Cargo Ventures, an affiliate of the development company Millennium Partners, shared a PowerPoint presentation last December with some area residents that laid out plans for a roadway on the parcel running between Route 1A and Chelsea Creek. The plans also called for a shared bike and pedestrian path along the creek and construction of a seven-foot sea wall.

Scott Bosworth, the state’s undersecretary of transportation, said under the bid specifications the state maintains rights to also use the parcel, including for the sort of public transportation options Aloisi raised.

“It does have the potential for transit use,” Bosworth said of the right-of-way, “and that’s why we have protected that option going forward. If this were all to come to be,” he said of the idea of public transportation uses and the pedestrian and bicycle path, “it seems it would achieve everything the advocates are looking for.”

Jacob Citrin, the CEO of Cargo Ventures, said, “This is about starting a process where the community will inform what will happen here. That definitely seems to be getting lost.”

But Aloisi says the state is going about the whole process backwards by letting a private firm drive the process and take control of the land. “What they’re doing is basically handing the keys to all the decision-making to a for-profit, private sector interest” and then saying perhaps there’s a public use that can also be fit in. “It underscores how completely wrongheaded they’ve been about this.”

There appears to be little interest in bidding on parcel beyond Cargo Ventures, the biggest landowner adjacent to the stretch of state land. The bid invitation seems to mirror the uses the company anticipated in its December presentation.

The Conservation Law Foundation said that raises questions about whether the state’s competitive procurement regulations are being followed. Beyond that, wrote Bradley Campbell, the group’s president, in his letter this week to state officials, “the attempt to privatize this public transportation asset at the expense of the public, for the apparent benefit of a single anticipated bidder, undertaken at a moment of crisis in our regional transportation system, raises significant concerns about the judgment, priorities, and stewardship of MassDOT and the [MBTA].”

Aiello, who ordered the issue onto Monday’s MBTA control board agenda, sounds sympathetic to the calls to put the brakes on the process. “I think it’s time to do a land use and transportation analysis and see what the best possible use of this asset is,” he said.

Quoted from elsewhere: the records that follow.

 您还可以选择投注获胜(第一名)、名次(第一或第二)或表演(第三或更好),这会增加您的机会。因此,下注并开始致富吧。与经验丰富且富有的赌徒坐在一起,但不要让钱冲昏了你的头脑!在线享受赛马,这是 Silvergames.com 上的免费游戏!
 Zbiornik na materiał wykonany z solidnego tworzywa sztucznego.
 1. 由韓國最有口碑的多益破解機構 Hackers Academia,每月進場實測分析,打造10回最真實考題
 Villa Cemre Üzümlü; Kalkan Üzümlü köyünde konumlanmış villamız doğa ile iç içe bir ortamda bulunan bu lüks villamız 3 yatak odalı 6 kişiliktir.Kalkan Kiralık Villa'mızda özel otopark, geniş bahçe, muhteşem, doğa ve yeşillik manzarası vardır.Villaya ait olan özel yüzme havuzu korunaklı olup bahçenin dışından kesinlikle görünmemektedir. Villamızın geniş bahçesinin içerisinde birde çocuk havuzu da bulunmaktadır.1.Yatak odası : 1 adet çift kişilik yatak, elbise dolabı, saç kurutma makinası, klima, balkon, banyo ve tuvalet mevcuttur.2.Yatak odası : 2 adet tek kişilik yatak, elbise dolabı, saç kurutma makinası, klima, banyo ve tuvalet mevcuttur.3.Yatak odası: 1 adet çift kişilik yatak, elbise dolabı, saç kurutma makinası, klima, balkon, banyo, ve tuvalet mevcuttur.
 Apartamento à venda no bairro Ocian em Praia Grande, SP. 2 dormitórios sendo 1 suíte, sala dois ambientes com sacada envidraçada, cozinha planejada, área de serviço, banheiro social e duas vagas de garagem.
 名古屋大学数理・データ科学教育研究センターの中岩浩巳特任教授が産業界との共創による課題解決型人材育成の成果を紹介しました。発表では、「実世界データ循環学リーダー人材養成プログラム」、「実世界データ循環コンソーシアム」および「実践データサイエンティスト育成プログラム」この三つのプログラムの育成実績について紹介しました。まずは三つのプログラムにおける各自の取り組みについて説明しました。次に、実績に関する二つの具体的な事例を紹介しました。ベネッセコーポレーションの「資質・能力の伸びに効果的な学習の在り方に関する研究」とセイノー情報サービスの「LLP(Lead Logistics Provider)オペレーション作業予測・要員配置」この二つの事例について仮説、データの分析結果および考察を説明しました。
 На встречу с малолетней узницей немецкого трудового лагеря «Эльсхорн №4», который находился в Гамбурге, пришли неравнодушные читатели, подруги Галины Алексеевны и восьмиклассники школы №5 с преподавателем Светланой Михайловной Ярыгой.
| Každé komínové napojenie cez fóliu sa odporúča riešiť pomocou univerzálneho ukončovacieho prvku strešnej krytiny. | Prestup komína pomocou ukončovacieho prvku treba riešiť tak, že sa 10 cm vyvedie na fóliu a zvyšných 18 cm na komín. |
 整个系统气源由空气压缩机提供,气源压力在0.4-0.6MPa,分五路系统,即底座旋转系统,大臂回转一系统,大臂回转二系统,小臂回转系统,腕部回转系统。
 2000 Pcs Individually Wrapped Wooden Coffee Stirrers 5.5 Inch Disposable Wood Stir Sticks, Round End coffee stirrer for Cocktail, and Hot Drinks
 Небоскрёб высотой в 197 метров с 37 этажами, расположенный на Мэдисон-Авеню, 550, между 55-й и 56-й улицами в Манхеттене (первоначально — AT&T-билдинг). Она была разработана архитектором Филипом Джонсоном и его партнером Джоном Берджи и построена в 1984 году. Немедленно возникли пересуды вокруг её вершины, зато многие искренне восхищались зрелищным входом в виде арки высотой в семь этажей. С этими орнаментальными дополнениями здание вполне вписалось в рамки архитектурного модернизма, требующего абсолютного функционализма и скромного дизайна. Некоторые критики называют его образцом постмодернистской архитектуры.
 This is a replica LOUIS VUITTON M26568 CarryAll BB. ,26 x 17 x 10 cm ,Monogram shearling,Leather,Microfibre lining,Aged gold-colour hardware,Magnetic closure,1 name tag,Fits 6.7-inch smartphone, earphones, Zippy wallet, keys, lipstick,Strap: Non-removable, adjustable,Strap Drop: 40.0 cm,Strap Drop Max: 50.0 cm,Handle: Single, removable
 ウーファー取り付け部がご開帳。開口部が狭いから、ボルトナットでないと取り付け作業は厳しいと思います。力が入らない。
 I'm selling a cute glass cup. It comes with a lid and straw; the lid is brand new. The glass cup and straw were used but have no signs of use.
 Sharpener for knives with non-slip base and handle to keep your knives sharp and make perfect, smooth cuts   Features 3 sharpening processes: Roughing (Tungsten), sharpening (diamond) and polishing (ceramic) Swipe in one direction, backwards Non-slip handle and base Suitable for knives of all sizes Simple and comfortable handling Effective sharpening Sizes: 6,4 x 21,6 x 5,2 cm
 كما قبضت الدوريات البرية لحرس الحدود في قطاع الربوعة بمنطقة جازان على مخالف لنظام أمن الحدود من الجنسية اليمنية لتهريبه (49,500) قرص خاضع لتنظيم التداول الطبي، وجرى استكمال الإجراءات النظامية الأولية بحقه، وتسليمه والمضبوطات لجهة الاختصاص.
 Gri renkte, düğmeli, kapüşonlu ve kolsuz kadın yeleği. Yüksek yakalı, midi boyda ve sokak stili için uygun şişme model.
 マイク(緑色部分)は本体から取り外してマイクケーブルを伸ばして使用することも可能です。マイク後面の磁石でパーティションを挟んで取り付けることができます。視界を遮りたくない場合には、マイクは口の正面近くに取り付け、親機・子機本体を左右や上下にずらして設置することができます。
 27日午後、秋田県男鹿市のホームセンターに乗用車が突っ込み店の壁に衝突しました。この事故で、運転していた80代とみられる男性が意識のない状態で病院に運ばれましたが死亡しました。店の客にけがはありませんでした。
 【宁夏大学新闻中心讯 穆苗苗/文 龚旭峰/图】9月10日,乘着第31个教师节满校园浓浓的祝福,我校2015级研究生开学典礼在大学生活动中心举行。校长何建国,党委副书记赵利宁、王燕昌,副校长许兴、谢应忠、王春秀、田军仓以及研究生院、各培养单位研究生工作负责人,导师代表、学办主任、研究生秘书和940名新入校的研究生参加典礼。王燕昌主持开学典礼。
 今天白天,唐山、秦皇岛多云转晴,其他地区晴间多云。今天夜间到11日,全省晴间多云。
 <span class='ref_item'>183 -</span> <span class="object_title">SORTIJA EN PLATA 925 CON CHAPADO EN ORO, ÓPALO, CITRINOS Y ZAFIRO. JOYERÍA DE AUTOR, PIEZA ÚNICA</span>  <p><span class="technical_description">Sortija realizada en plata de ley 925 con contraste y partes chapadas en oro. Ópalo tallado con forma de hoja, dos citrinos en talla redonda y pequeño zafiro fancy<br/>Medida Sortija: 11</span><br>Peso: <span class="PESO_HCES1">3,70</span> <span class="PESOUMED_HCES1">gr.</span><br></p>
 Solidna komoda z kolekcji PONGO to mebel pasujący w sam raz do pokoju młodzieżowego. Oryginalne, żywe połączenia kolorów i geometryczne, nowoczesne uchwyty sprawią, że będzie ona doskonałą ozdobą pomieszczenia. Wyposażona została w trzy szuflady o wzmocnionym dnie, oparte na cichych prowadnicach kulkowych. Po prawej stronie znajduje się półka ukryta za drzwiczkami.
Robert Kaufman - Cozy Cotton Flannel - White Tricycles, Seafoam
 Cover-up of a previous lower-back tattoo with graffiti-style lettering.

Elected officials are issuing the same call.

“It is premature for MassDOT to designate this land before there is both a full transportation analysis on its ability to ease 1A traffic and enhance airport access for both commercial and public traffic and there is robust public process with the East Boston community and city agencies,” Walsh said in a statement.

Boncore, calling the Route 1A corridor “one of the biggest chokepoints in the entire state, also urged the state to stop the procurement process until a transportation review is carried out. He said it’s possible that plans to grant a private easement will still emerge as the most viable use, “but I think we need a public process to come to that conclusion together.”

Aloisi pointed to the recent report of the Commission on the Future of Transportation, a group appointed by Gov. Charlie Baker. “The cornerstone statement of that report was you need to move more people and fewer vehicles. This invitation to bid does exactly the opposite. It doubles down on every worst instinct we have about mobility.”